国内初の塔建築の曳家工事に挑む
高野山の光台院にて400年前に建立された多宝塔。小ぶりながらも屋根の垂木が扇垂木となるなど、非常に凝った造りになっています。大正期に財閥藤田伝三郎により、大阪の地(現在の藤田美術館敷地内)に移されました。大成建設様の設計施工により藤田美術館建て替えが行われましたが、美術館が以前より大きくなるに伴って13mの曳家と修理が必要となり、匠弘堂がその大きな任務を遂行いたしました。日本国内では塔建築の曳家は初めてとのことです。
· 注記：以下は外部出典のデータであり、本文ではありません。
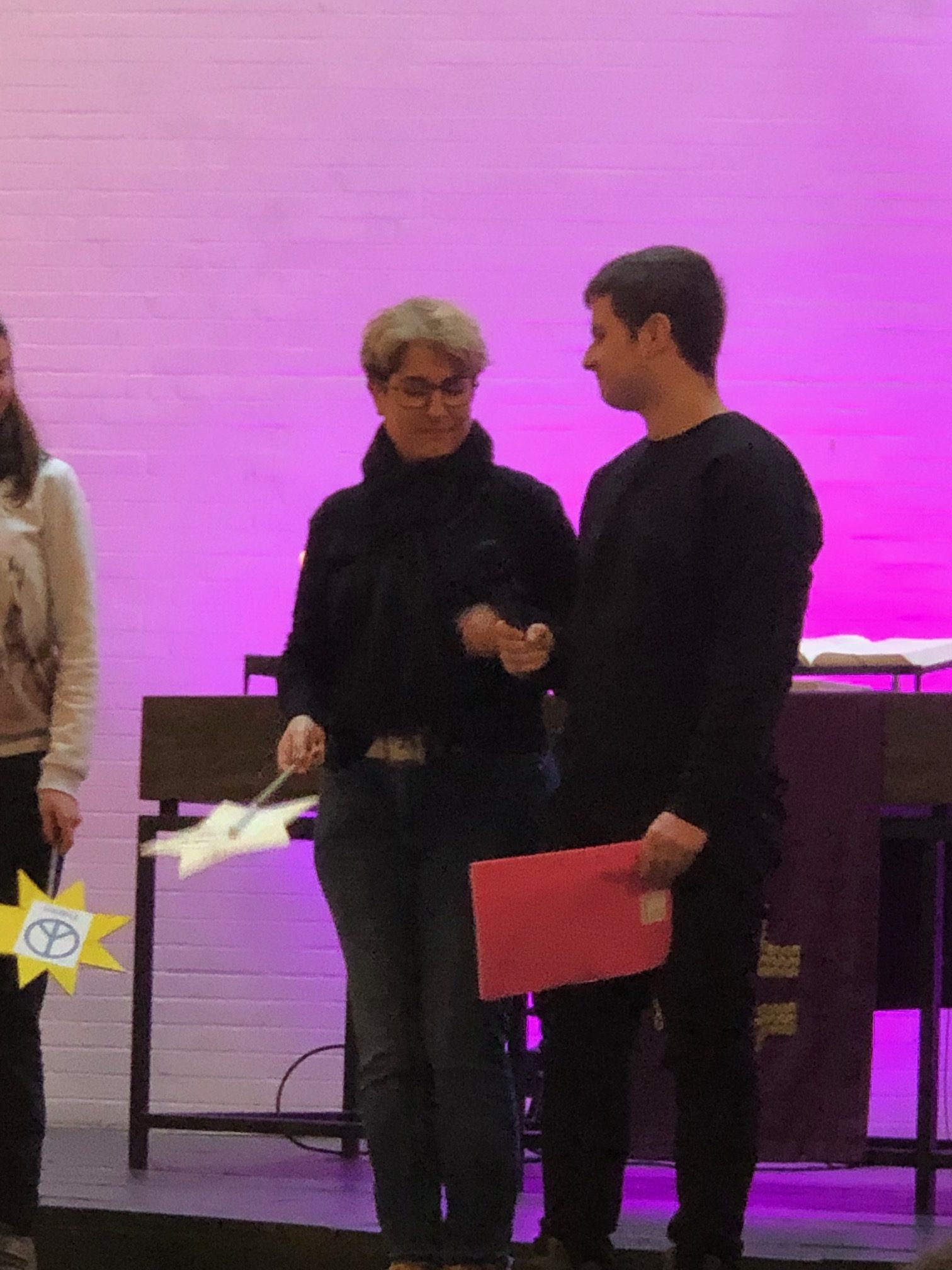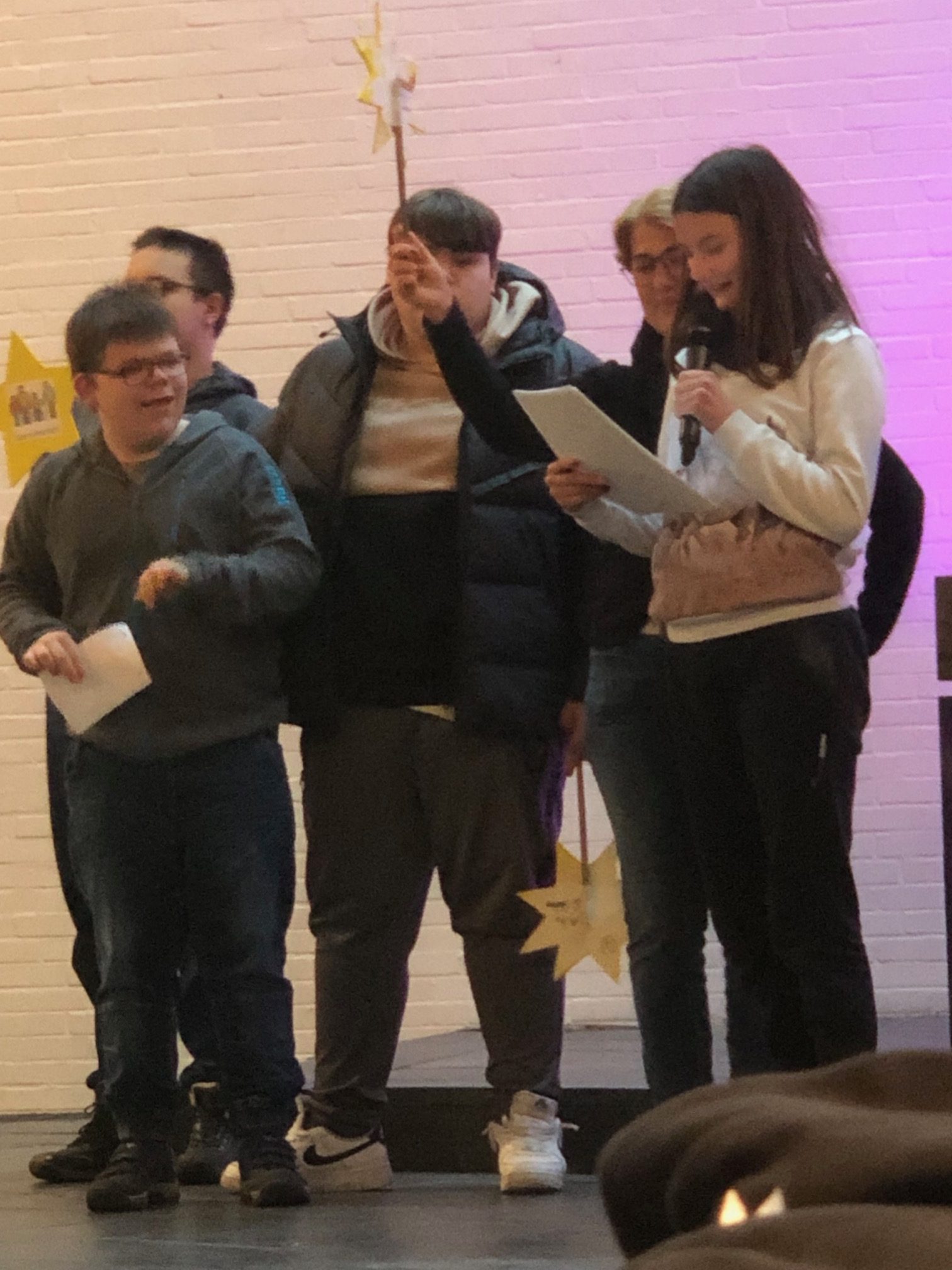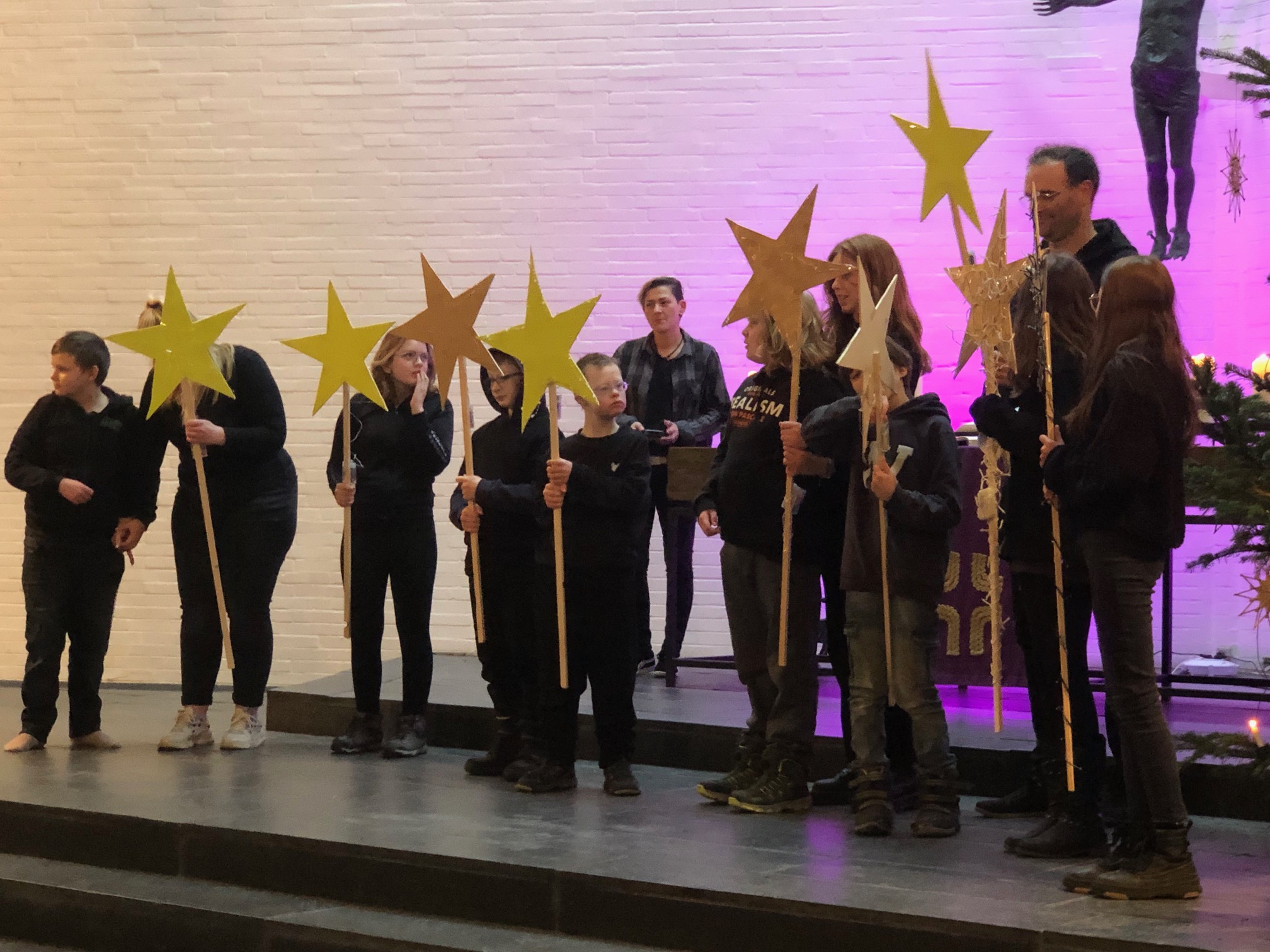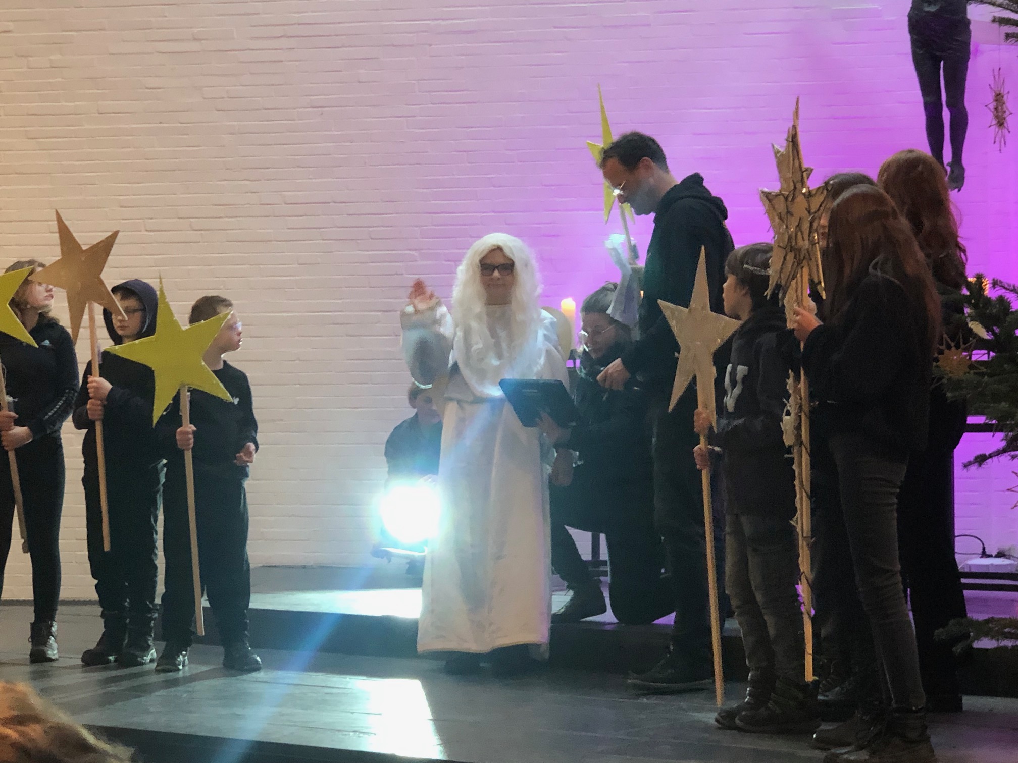 Gute Tradition ist es an der Montessori-Schule den letzten Schultag im Jahr mit dem ökumenischen Weihnachtsgottesdienst zu beschließen. Frau Frühauf von der Elisabethgemeinde und Pastor Herzberg von der Bonnusgemeinde führten gemeinsam durch den Gottesdienst, der von Schülerinnen und Schülern sowie ihren Lehrkräften und pädagogischen Fachkräften gestaltet worden ist. Es war gleichzeitig stimmungsvoll und sehr lebhaft.

上下の屋根をしっかり固定して剛性を高めたこと、現場でのチームワーク、事前に十分なシュミレーションをしたことにより、無事に一大事業を成し遂げました。
有馬棟梁コメント
平屋の建物と比べ不安定な塔建築の曳家ということもあり、長い付き合いの中で高い技術を持っている鳶業者さんとタッグを組んで作業に挑みました。ジャッキで上げ下げする際が一番気を遣うところで、なるべく水平を保ちながら慎重に行いました。13m先の目標地点まで無事に曳家を完了させた時には、今まで感じたことのない安堵感を覚えました。